What you have to do:
Reproduce each line below precisely. Drop the pictures.

Available data:
☆ ☆ ☆ ☆
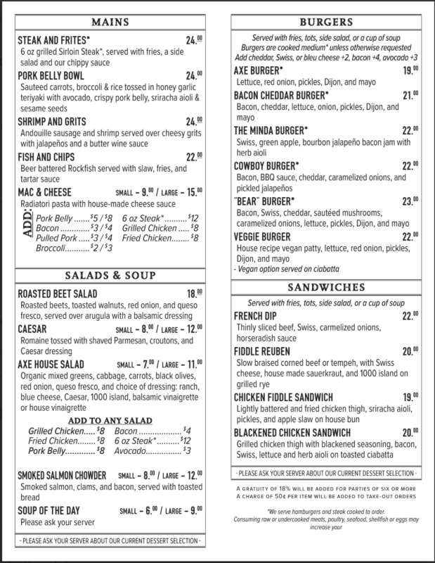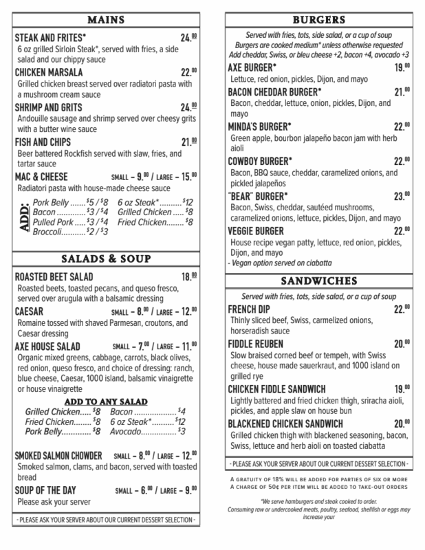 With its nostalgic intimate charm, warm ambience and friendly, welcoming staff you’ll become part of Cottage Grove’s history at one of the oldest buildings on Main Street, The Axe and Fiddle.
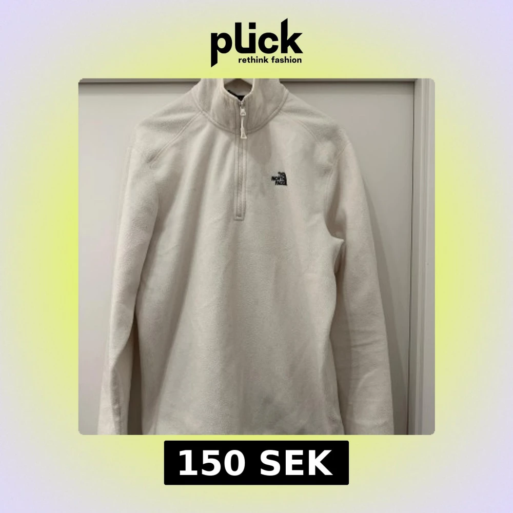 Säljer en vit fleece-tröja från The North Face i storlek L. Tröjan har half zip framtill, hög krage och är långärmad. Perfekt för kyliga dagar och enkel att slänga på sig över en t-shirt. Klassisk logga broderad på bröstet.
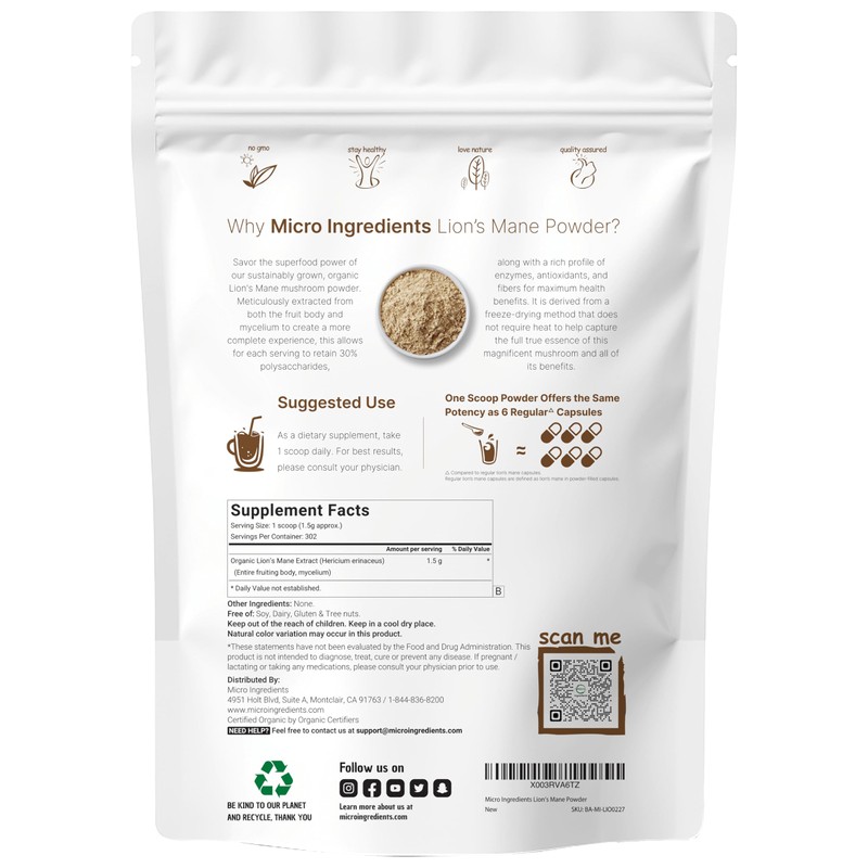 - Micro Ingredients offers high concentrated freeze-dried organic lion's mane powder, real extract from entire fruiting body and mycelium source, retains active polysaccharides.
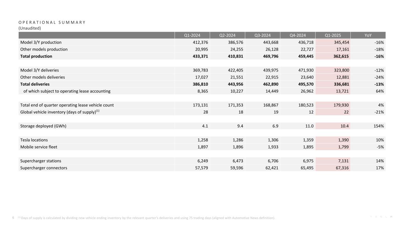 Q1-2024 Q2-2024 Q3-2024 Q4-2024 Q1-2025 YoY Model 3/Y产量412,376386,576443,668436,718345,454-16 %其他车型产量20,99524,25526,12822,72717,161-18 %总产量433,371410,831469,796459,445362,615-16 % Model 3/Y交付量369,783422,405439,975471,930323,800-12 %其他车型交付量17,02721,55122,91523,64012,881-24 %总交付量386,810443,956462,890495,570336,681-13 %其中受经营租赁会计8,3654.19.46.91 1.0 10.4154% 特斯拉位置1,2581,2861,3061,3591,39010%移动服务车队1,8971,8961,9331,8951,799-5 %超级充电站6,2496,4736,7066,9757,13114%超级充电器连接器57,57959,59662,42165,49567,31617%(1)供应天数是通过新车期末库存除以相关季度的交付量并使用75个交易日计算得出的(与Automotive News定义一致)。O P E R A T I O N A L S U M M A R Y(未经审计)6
☆ ☆ ☆ ☆
Response to this exercise:
 With its nostalgic intimate charm, warm ambience and friendly, welcoming staff you’ll become part of Cottage Grove’s history at one of the oldest buildings on Main Street, The Axe and Fiddle.
 Säljer en vit fleece-tröja från The North Face i storlek L. Tröjan har half zip framtill, hög krage och är långärmad. Perfekt för kyliga dagar och enkel att slänga på sig över en t-shirt. Klassisk logga broderad på bröstet.
 - Micro Ingredients offers high concentrated freeze-dried organic lion's mane powder, real extract from entire fruiting body and mycelium source, retains active polysaccharides.
 Q1-2024 Q2-2024 Q3-2024 Q4-2024 Q1-2025 YoY Model 3/Y产量412,376386,576443,668436,718345,454-16 %其他车型产量20,99524,25526,12822,72717,161-18 %总产量433,371410,831469,796459,445362,615-16 % Model 3/Y交付量369,783422,405439,975471,930323,800-12 %其他车型交付量17,02721,55122,91523,64012,881-24 %总交付量386,810443,956462,890495,570336,681-13 %其中受经营租赁会计8,3654.19.46.91 1.0 10.4154% 特斯拉位置1,2581,2861,3061,3591,39010%移动服务车队1,8971,8961,9331,8951,799-5 %超级充电站6,2496,4736,7066,9757,13114%超级充电器连接器57,57959,59662,42165,49567,31617%(1)供应天数是通过新车期末库存除以相关季度的交付量并使用75个交易日计算得出的(与Automotive News定义一致)。O P E R A T I O N A L S U M M A R Y(未经审计)6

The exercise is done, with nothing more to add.